Hypotension and the resulting shock is the clinical expression of insufficient oxygen delivery at the cellular level because of vascular collaps.¹ When hypotension and/or shock are not treated appropriately, multiorgan failure and death may be seen.^2,3 We present a case of hypotension and decreased renal perfusion developing after reperfusion of a living-donor kidney transplant and performing a graft nephrectomy and successful retransplant with the same kidney 12 hours later.

Case Report

Preemptive kidney transplant was performed on a 51-year-old woman with chronic kidney disease because of hypertension (that she had for 11 y). Her 55-year-old husband was the living kidney donor. Hot ischemia period lasted 42 seconds, cold ischemia time was 38 minutes. There were no important clinical or laboratory pathologies after routine pretransplant evaluations in either the recipient or the donor. Immunologic studies (flow cytometry crossmatch, complement-dependent cytotoxicity, and donor-specific antibodies were all negative) were suitable for the transplant. The recipient and the donor human leukocyte antigen mismatch was 5. Low-dose antithymocyte globulin protocol (0.75 mg/kg at the time of the operation and 2 consecutive days, intravenous infusion during 8 hours) and tacrolimus (0.1 mg/kg/d), mycophenolate mofetil (1 g, twice-daily), and methyl­prednisolone (1000 mg preoperatively, decreasing gradually over 5 days; and after the sixth postoperative day, prednisolone 20 mg/d was continued orally) were given as induction and maintenance therapies.

She received antihypertensive medication (amlodipine 10 mg) before the operation. Propofol (1%), atracurium besylate, and remifentanil hydro­chloride were used for the induction of anesthesia. Remifentanil infusion and sevoflurane were used for the maintenance of anesthesia. Invasive arterial blood pressure was stable at 130/70 mm Hg; her pulse was 86 beats/minute, and her central venous pressure was 12 cm H₂O before reperfusion. Blood gas analysis results before perfusion were as follow: Na, 142 mmol/L; K, 5 mmol/L; Ca, 0.91 mmol/L; lactate, 1.1 mmol/L; pH, 7.33; and HCO₃, 19.4 mmol/L. Before perfusion, 2500 mL 0.9% NaCl was given as an intravenous infusion. After declamping, pink color of the transplanted kidney, thrill from renal artery and urinary output were observed. But just after declamping, the invasive arterial blood pressure of the patient abruptly decreased from 130/70 mm Hg to 70/40 mm Hg and her pulse was between 80 and 110 beats/minute. Inhalation anesthetics were decreased and then closed. Dopamine (starting dose 5 mcg/kg/min and increased to 20 mcg/kg/min) and noradrenaline infusions (starting dose 2 mcg/kg/min and increased to 20 mcg/kg/min) were started as positive inotropic support because of the resistant hypotension.

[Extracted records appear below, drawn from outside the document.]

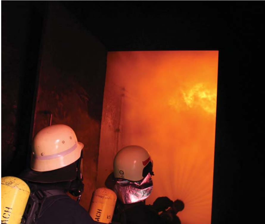
Ab in die Flammen: Zwei Kirchehrenbacher gehen gerade vor.

Nürnberg Beim sog. Innenangriff, also der Brandbekämpfung in Gebäuden, können auf die Einsatzkräfte schnell Temperaturen von mehreren hundert Grad zukommen. Um sich an diese ungewöhnliche Wärme zu gewöhnen und auch das grundlegende Vorgehen zu trainieren, waren acht Atemschutzgeräteträger zu Gast bei der Berufsfeuerwehr (BF) Nürnberg. Dort
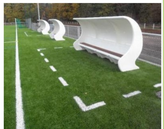
Abris de touche monobloc sans boulonnerie (hors fixation au sol)
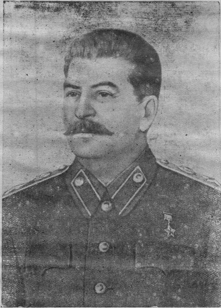
Иосиф Виссарионович Сталин.
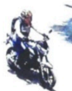
Un atacante huyó en moto.

A pesar de que cámaras de vigilancia captaron a los agresores, estos no fueron detenidos.
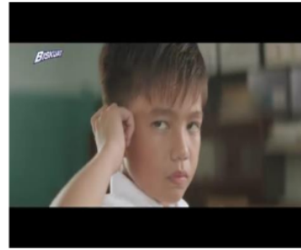
Gambar 6. Adegan 2 (Close up)
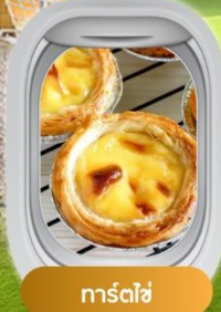
ทาร์ตไข่
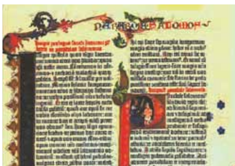
Gutenberg 42 soros Bibliája. Mikor nyomták?

A következő lépést a hang, illetve a látvány rögzítése jelentette. E két terület ma is gyorsan fejlődik. Edison fonográfja helyett ma már MP3-lejátszót használunk; a kémiai úton előhívott papírképeket kiszorították a digitális képek; a filmszalag mellett pedig előbb a videoszalag jelent meg, majd a DVD-lemez.
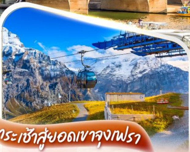
กระเช้าสูดยอดเขาจุงเฟรา
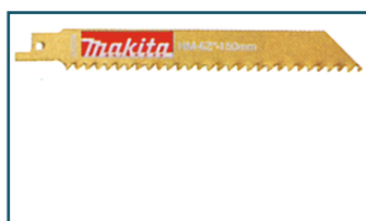
Reciprozaagb 130 HM S641HM (1 stuks) - P-05044 - 0088381914192
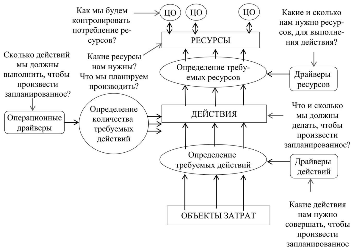
Рисунок 1 – Схема АВВ метода

На рисунке 1 представлена схема АВВ - метода.
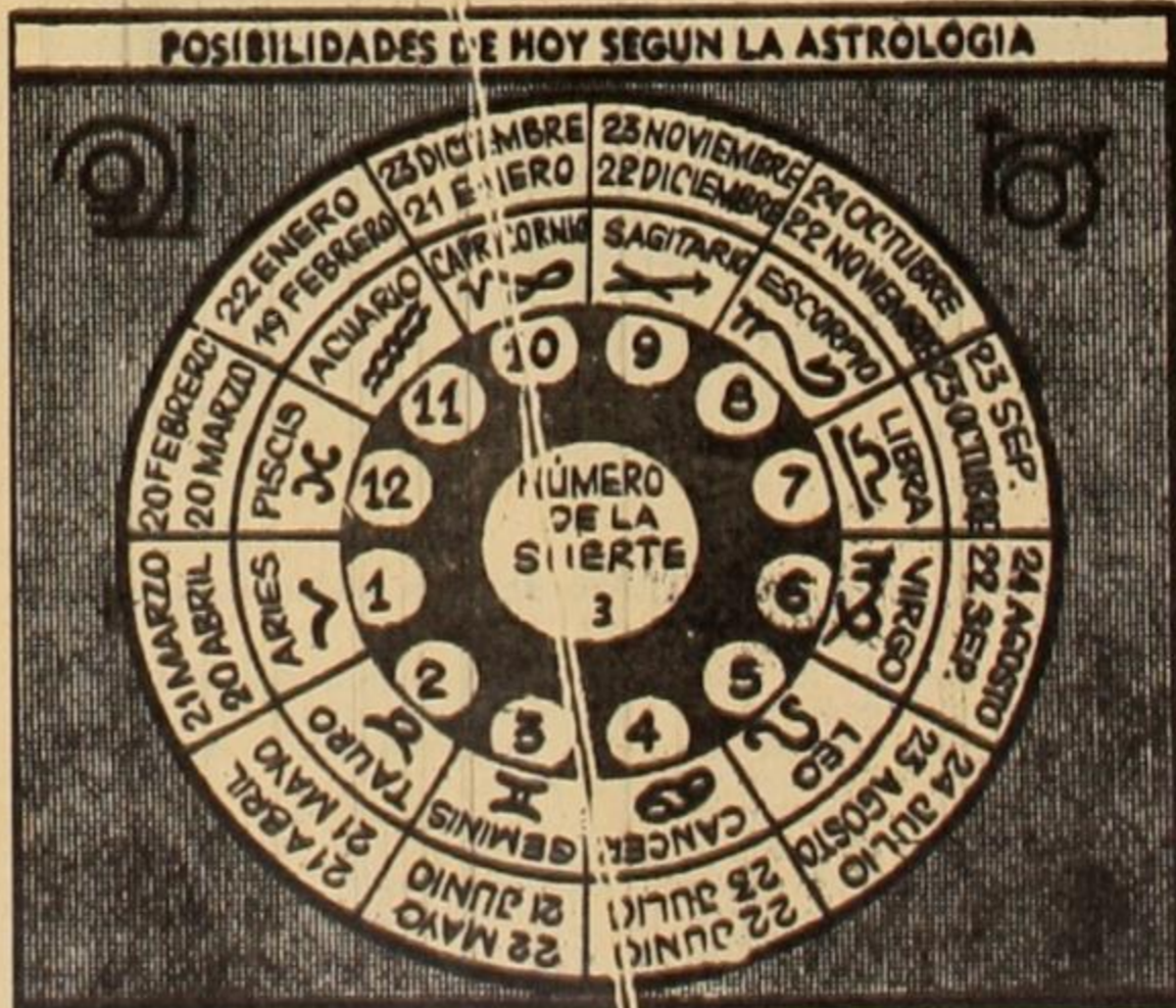
Los horóscopos, otra de las imbecilidades que divulga en estos últimos tiempos la prensa capitalista para consolar frustraciones.
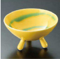
11410-730 黄釉グリーン渦三つ足小付(有田焼) 3,000円 5×16入 (10.5×5cm)
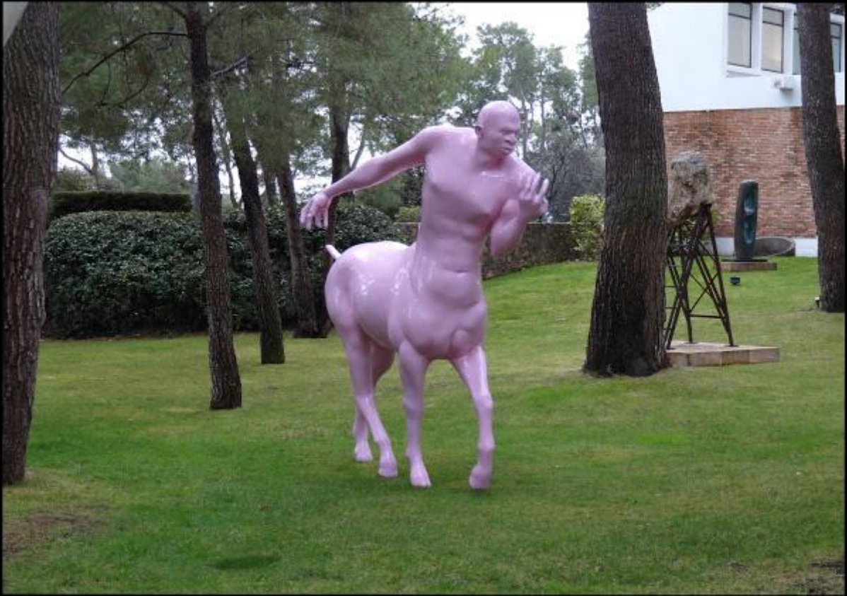
Assan Smati - le Centaure - 2008
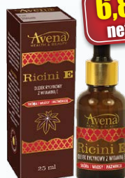
Ricini E olejek rycynowy z witaminą E 25 ml F06020000020
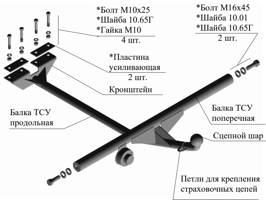
Рис.1 Тягово-сцепное устройство ТСУ 2105

Примечание: детали, помеченные * входят в пакет комплектующих
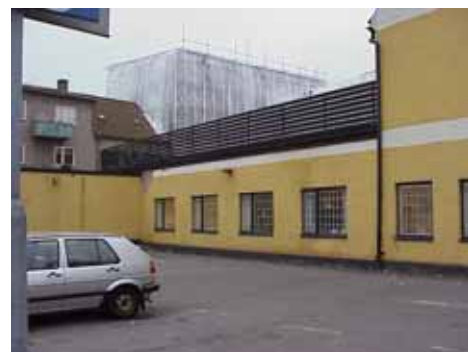
QVIRITES 24 F från NO

värdering kulturhistoriskt (K) miljömässigt (M): K = 5, M = 4.
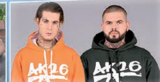
SZ / 18:00 AK26
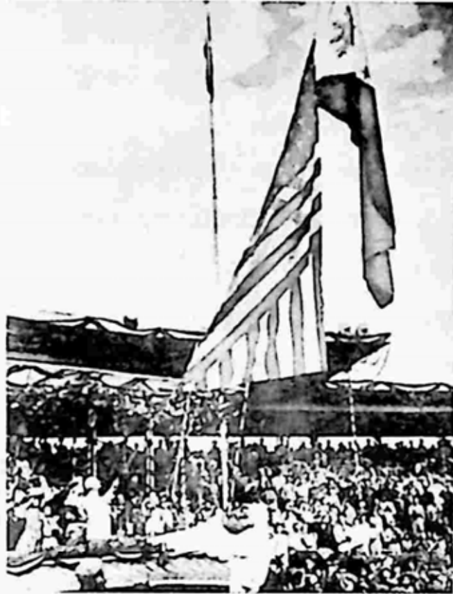
၁၉၄၆ ဇူလိုင်လ ၄ ရက် လွတ်လပ်ရေး အလံတင် အခမ်းအနား

ကြီးဖြစ်လာတာကြောင့် ဖိလစ်ပိုင်နိုင်ငံဟာ ကမ္ဘာ့အရှေ့ဖျားဒေသမှာ စစ်ဒဏ်အခံရဆုံးသောနိုင်ငံ၊ အပျက်အစီးအများဆုံးသောနိုင်ငံ ဖြစ်ခဲ့ရပါတယ်။

The thrill at the renal artery disappeared, but blood flow continued. Ischemic changes were seen in some parts of the kidney. Perioperative renal Doppler ultrasound was performed because of the visual appearance and decreased pulse. The results of the Doppler ultrasound supported decreased vascularization of the graft kidney. We performed graft nephrectomy after both radiologic and clinical appearances of decreased vascularization of the kidney. The reasons that led us to perform graft nephrectomy were as follows: (1) To protect the graft kidney from the ischemic effects of the hypotension that might persist for a long time; (2) to follow and resuscitate the patient, and to investigate the causes of the hypotension in the surgical intensive care unit instead of in the operating room; (3) to make a wedge biopsy of the kidney to rule out possible acute rejection; and (4) we planned to perform a retransplant of the graft kidney after successful resuscitation of the patient if the biopsy results were suitable.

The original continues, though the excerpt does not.